According to the Style Approach, leaders must also consider the nature of the organization (or the group) and its problems to determine the most appropriate leadership. The leader should propose his or her strategy, and the group should be “willing” to follow this strategy, for successfully solving the organization’s problems. One of the major drawbacks of the Style Approach is that while it assesses the readiness and willingness of the followers, it may not take into account the nature of the organization, which also plays a significant role in determining leadership style.
Module 3 Summary
In this module, you examined the key aspects of the Style and the Situational Approach to leadership and compared these two approaches. This provided you with an opportunity to think strategically and comprehensively about leadership. It also helped you analyze how leadership skills impact vision, organizational effectiveness, and strategy.
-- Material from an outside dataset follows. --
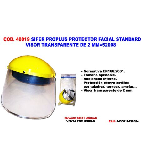 SIFER Visiera standard ProPlus con visiera trasparente da 2 mm

Here are the key points you covered in this module:

The Style Approach views leadership as the leader’s behavior when directing the activities of a group to achieve a shared goal. It considers leadership as an activity. Researchers identified initiating structure, consideration, employee orientation, and production orientation as effective leader behaviors.
The Style Approach provides a broad framework for understanding actions of people in terms of tasks and relationships and is often used as a model in training to develop self-awareness and awareness of others’ strengths and weaknesses.
The Style Approach assesses the readiness and willingness of the followers, but fails to take into account the nature of the organization, which plays a significant role in determining leadership style.
The Situational Approach is a prescriptive approach that identifies what leaders could do or what they could not do in various situations. It suggests that different kinds of situations require different kinds of leadership and that effective leaders should be flexible in their leading style when moving from one situation to another.
The Situational Approach focuses on the characteristics of the task and situation or the social context in which leadership is enacted. The disadvantage of the Situational Approach is that the leader’s styles and employees’ development level do not always match, limiting the benefits of this approach.